In 2000 we were invited to take part in the Warped Tour, where we made a lot of new friends, among them Fat Mike from NOFX/Fat Wreck Chords. He asked us if we’d like to do our next CD with him, we said "Sure dude!" In the Fall of 2000 we moseyed over to Lafayette, Indiana, to Sonic Iguana Studios run by Mass Georgini (an absolutely fantastic guy and exceptionally talented engineer, producer and musician, who’s been in bands such as Screeching Weasel, Common Rider, Squirtgun, among others). The result was Underground Network , which Fat Wreck put out in early 2001.
After even more endless touring, we wanted to try something different for the next Anti-Flag CD so why not put it out ourselves? Instead of just sitting down and writing a full CD, we thought it would be cool if we created the energy and community spirit of a live Anti-Flag show and put it on CD. So, after recording a few songs that were just too good to pass up, we booked a show in December of 2001 at the Mr. Roboto Project in Pittsburgh, invited a bunch of our closest friends and taped the whole shebang. That CD became Mobilize . The next couple of months we were sharing those Mobilize songs with great bands such as Good Riddance, Strike Anywhere, Against All Authority and Thrice, as well as part of the A-F Records family, with The Code, Pipedown, Thought Riot and Virus Nine on the "Mobilize for Peace" tour. 2002 was also the first time we toured in Europe with Millencolin and the Donots, which was also a very fun and unique experience that I hope we’ll do again sometime soon. Finally, after coming home from Europe we packed our bags again and went out with the 2002 Warped Tour, six weeks of punk mayhem and severe sleep deprivation.

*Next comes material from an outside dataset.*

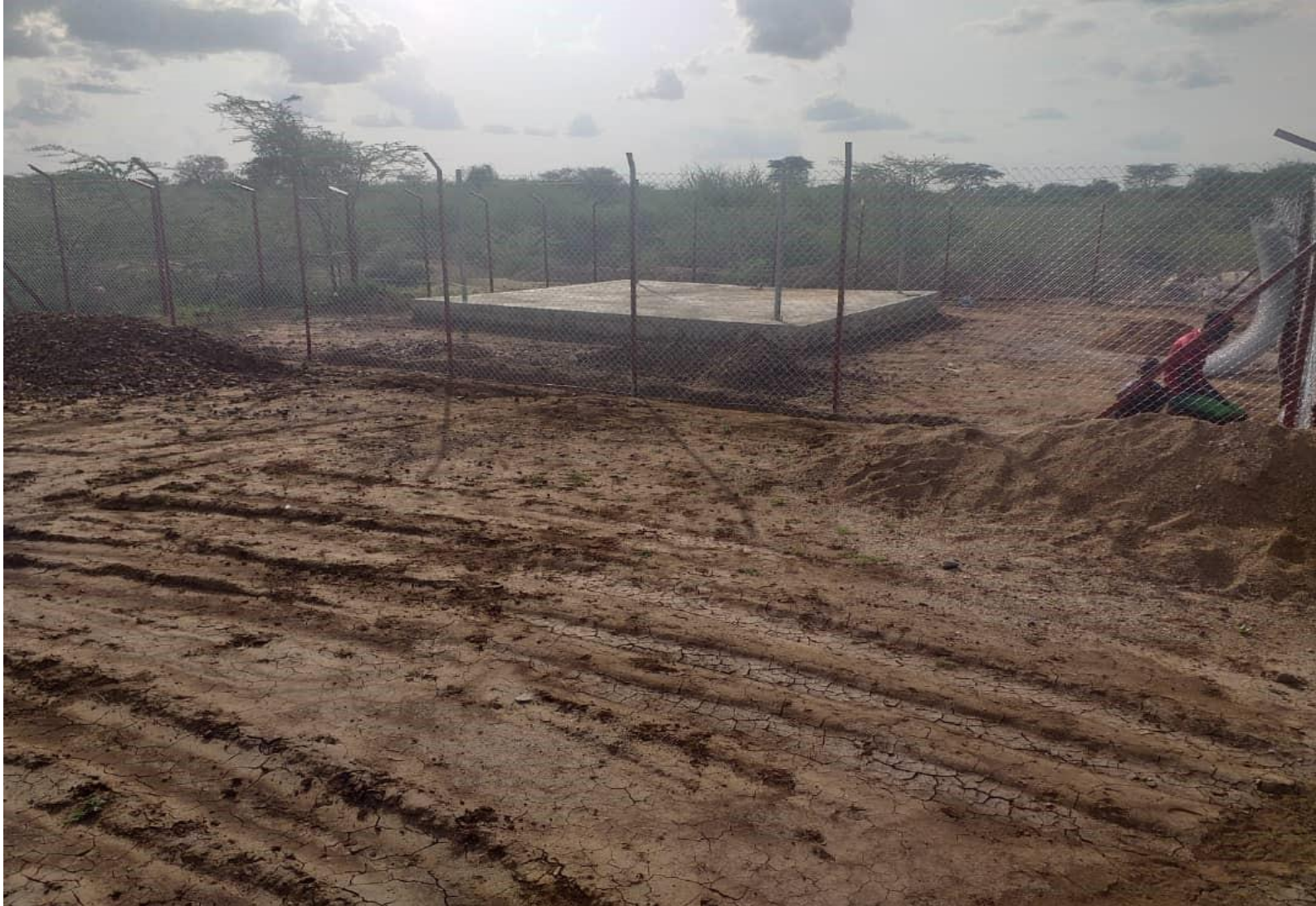
Construction of a slaughter slab in Kapoeta East County

Thanks to the Kids (and anyone young at heart)
We've been all over North America and experienced a lot but one thing is always a constant, the kids. No matter where we go the kids are always great! Aside from trying to make a positive change in the world through our message I think the real fuel for what we do comes from the kids we meet all over who we find have the same troubles, concerns, and ideas that we have. When things get bad or something just isn't going right I find that we sometimes ask ourselves, "Why are we even bothering with this?" I can honestly say it has a lot to do with the kids and other punks we talk to all over who like us, care about what is happening in the world and like us, are doing their best to make a change for the better (no matter how big or small that change may be.) With that said, I just want to express a special thanks to all of you kids out there who have supported us and inspired us through out the years. It's been a blast!!!